第396話 監察官・久坂剣友、サポートする 監獄ダンジョン・カルケル 地上

 ドノティダンジョンは監獄ダンジョン・カルケルと対になるダンジョンであり、かつてはその2つが一緒になってドノティダンジョンと呼ばれていた。

 それを国際探索員協会が改修工事をして、より複雑な迷路を持っていた東側のダンジョンをカルケルとし、西側のダンジョンを緊急時の連絡通路を兼ねたドノティダンジョンとして運用する事になった経緯がある。

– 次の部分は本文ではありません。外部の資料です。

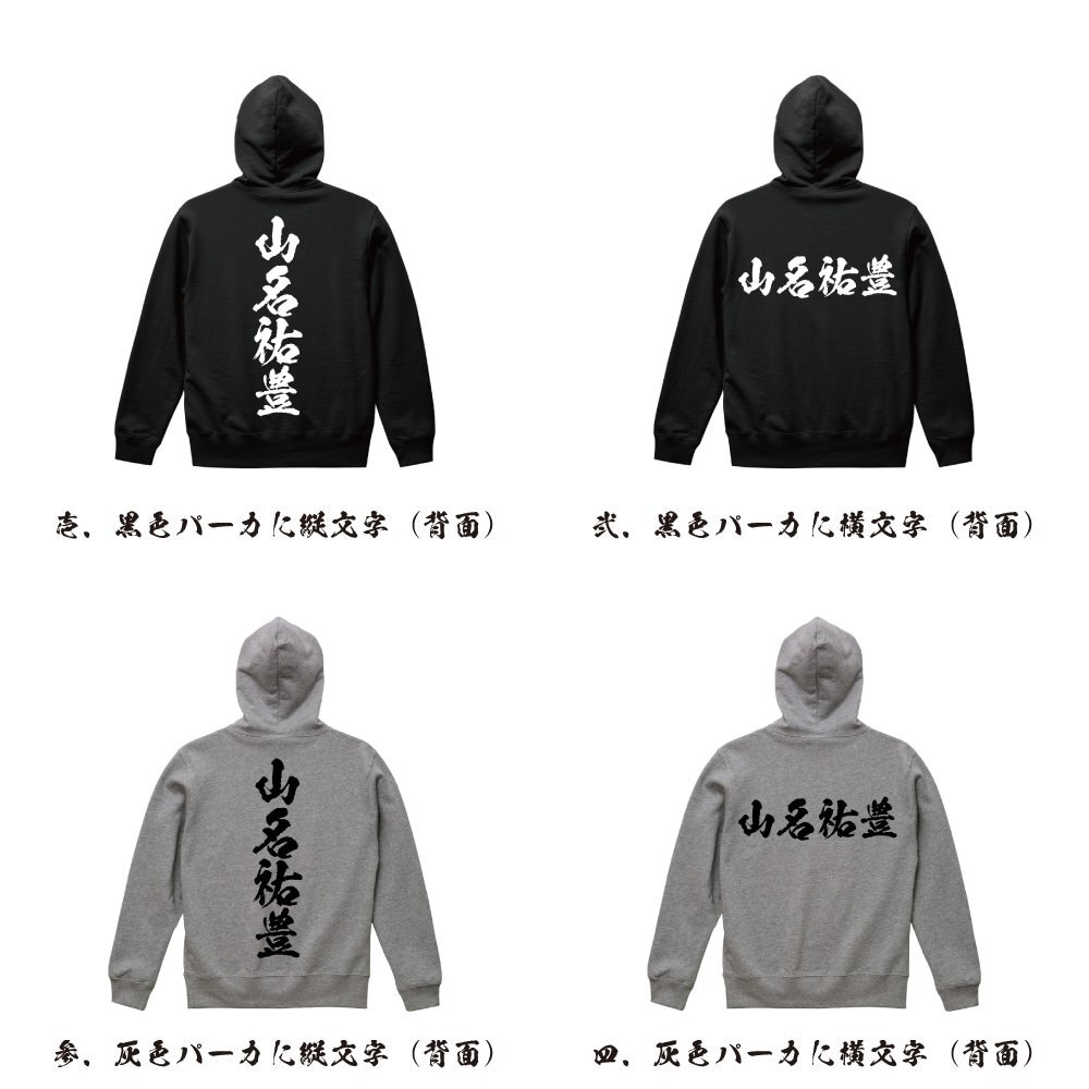 | 商品名 | 書道家が書く プリント オリジナル フルジップ パーカ | 他連絡先 | 1.TEL ⇒ 0120-931-578 【専門スタッフ応対】 2.E-MAIL ⇒ workpro@cronos.ocn.ne.jp 3.FAX ⇒ 059-253-3578 |
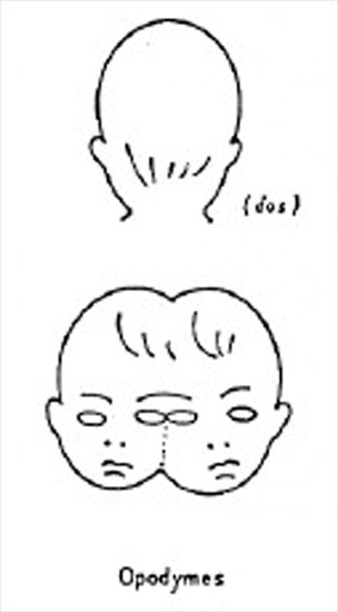Monstre double opodyme Image extraite de : A. Morin, Professeur au laboratoire d'Anatomie - Université Cl. Bernard - Lyon. " Histoire des monstres doubles ". Paleobios, 1987, Vol 3, N°1, pp 21-48 / Lyon - France SSN 0294-121 X.
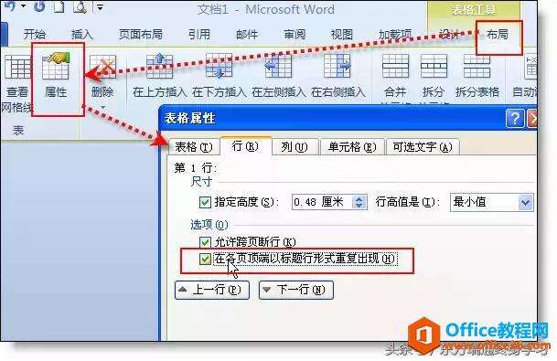 如果想让每一页都显示标题行。选取一行或多行,表格工具 – 布局 – 属性 – 选取“在每页顶端…"

 だが、カルケルが発足してから1度としてドノティダンジョンは連絡通路としての役割を果たしていない。

 当然である。


 これまでカルケルが襲われるなどと言う事態は起きていなかったのだから。


 よって、ドノティダンジョンの内部は数十年前に一度舗装されただけの状態であり、誰も中に入らないものだからモンスターも元気ハツラツ。

 国際探索員協会によるダンジョン難易度判定はAランク。


 異世界・キュロドスに通じていたフォルテミラダンジョンの難易度も同じくAランク。

 つまり、結構な難所をこれから越えなければならない。


 南雲修一、単身で。


「……よし。やはりこちらの発着座標はまだアトミルカに漏れていないと見える!」


 その南雲監察官がドノティダンジョンに転移して来た。

 カルケルとの距離は約7キロ。


 煌気オーラを抑えていれば、よほど高性能な煌気オーラ検知器でもない限りは発見されないと思われるが、南雲は慎重派であるゆえ今回の白衣は特別製。

 体から自然発生する煌気オーラすらも9割包み隠す、特殊な繊維で作られた白衣である。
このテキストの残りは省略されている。